I have a sframe where I want to do a groupby with some operator on a column. But, this returns an sframe only with key columns specified. How can I do the operation on some columns, but keep all the columns nonetheless?
To the best of my understanding from your question, you want to do operations on column without loosing their initial state. The below example may illustrate. Suppose we have a movie dataset as SFrame sf :-
movieId userId actors rating
102 10 A,B,C 5
204 8 B,C,D 4
333 3 K,L,M 3
204 11 P,Q,R 1
423 3 K,B,C 4
533 31 K,A,C 2
633 3 P,L,A 3
.
.
...
In the above SFrame, user 3 gave multiple rating, so you may work on user's rating mean as
rating_stats = sf.groupby(key_columns='userId',operations {'mean_rating': agg.MEAN('rating')})

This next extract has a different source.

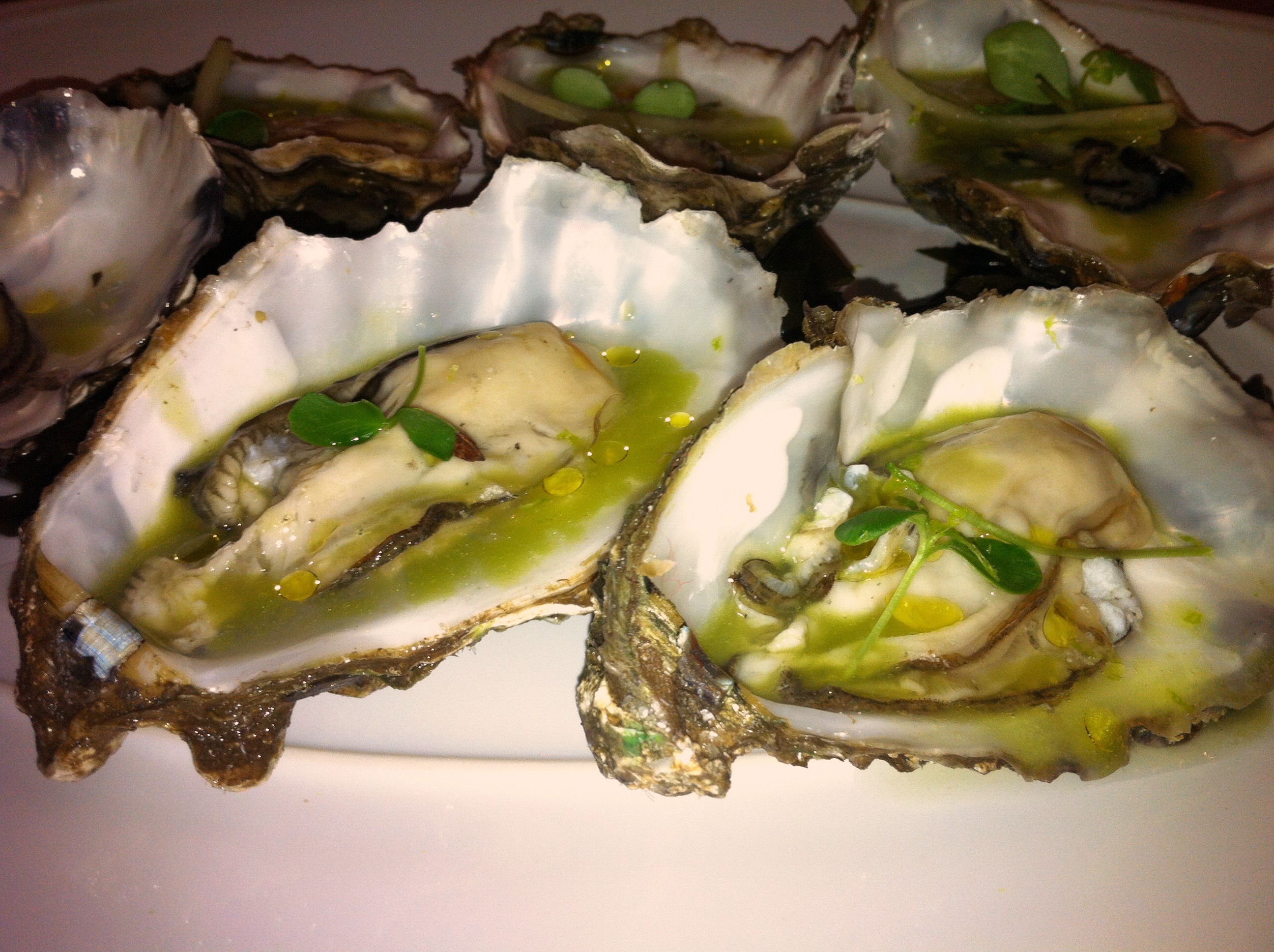 A continuación me sirvieron las ostras, tres de ellas sin aderezo y otras tres con un agua de pepino y manzana. Tuve miedo de que este me matara el sabor y el frescor pero ahora me arrepiento de no haberlas pedido todas con el aliño. Muy carnosas y buen calibre.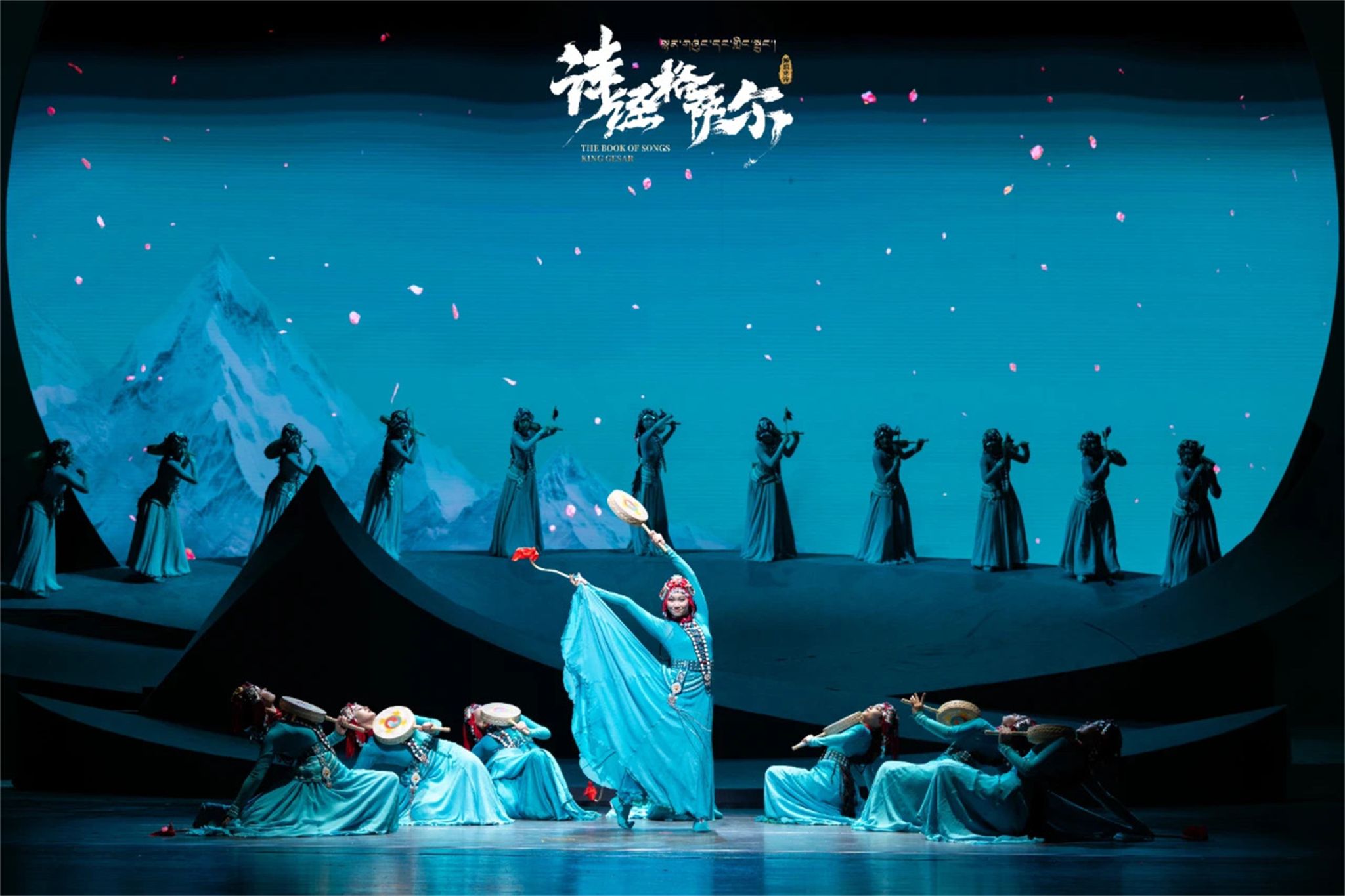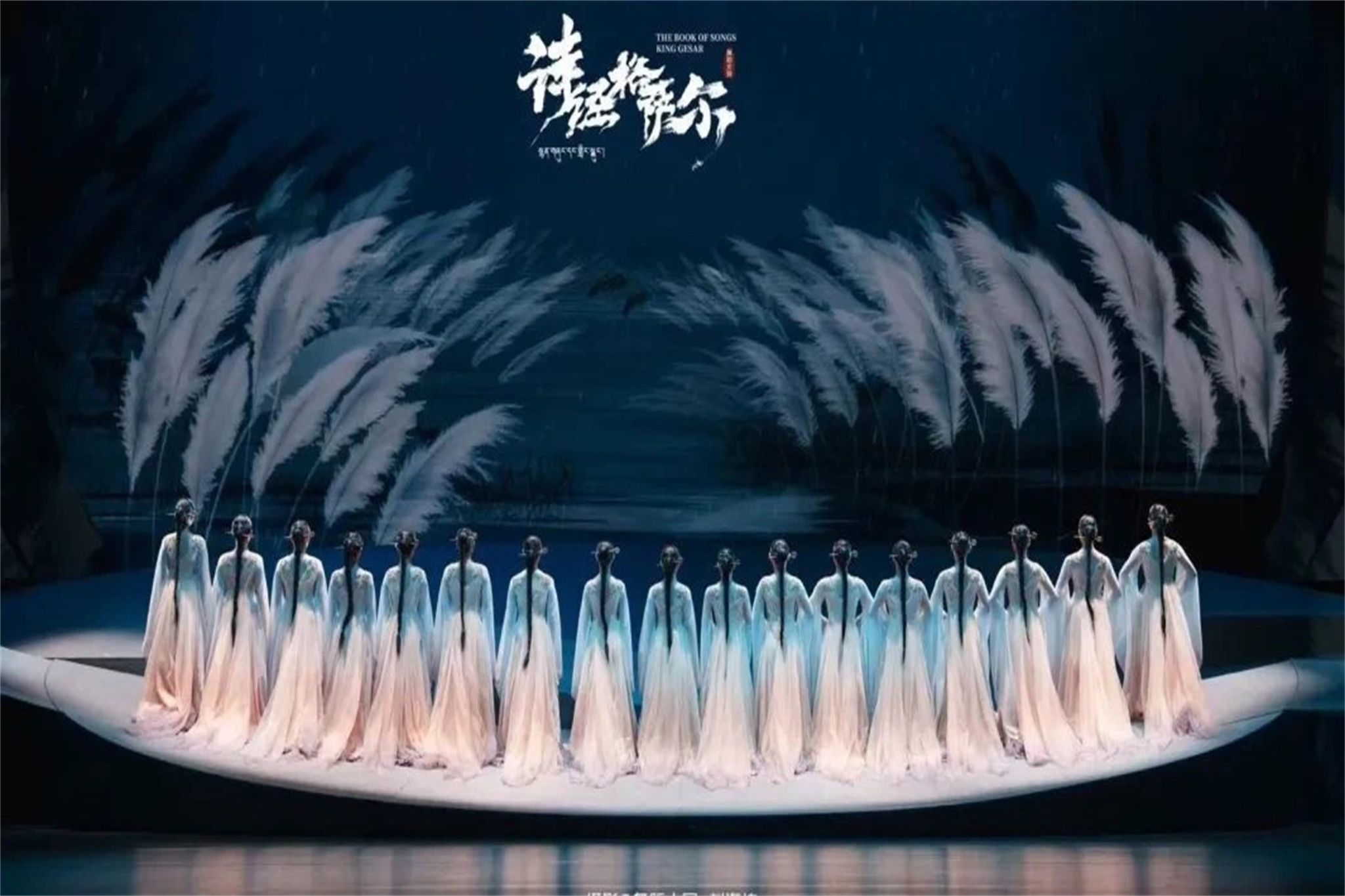 以舞为媒,千年文化的当代对话。《诗经·格萨尔》舞剧创新性地将汉族文学经典《诗经》与藏族英雄史诗《格萨尔》融为一体,通过现代舞蹈语汇构建起跨越时空的文化对话。在剧中,“关关雎鸠”的诗意与格萨尔王的传奇交相辉映,汉族舞蹈的婉约灵动与藏族舞步的豪迈奔放相得益彰,为观众呈现出一幅绚丽多彩的中华文化画卷。

Then, you may like to add the found column in SFrame without affecting already present columns, i.e you can retain SFrame.
sf['mean_rating'] = rating_stats['mean_rating']
You will find that sf is not affected and you added a new column.
Now answer to your question can be, if you are using groupby()
method, its better to have a separate SFrame where you are specific to the operation, and you may further use or add to the original SFrame, or maybe merge rest of columns to your found SFrame using groupby()
method or you can also use join
on found SFrame, but its not a good practice to keep changing original SFrame to operate.
Also, note that for multiple entities in a column like in actors
in SFrame, method that can make things easy is using stack
method before using groupby()
to operate on data. I hope that helps.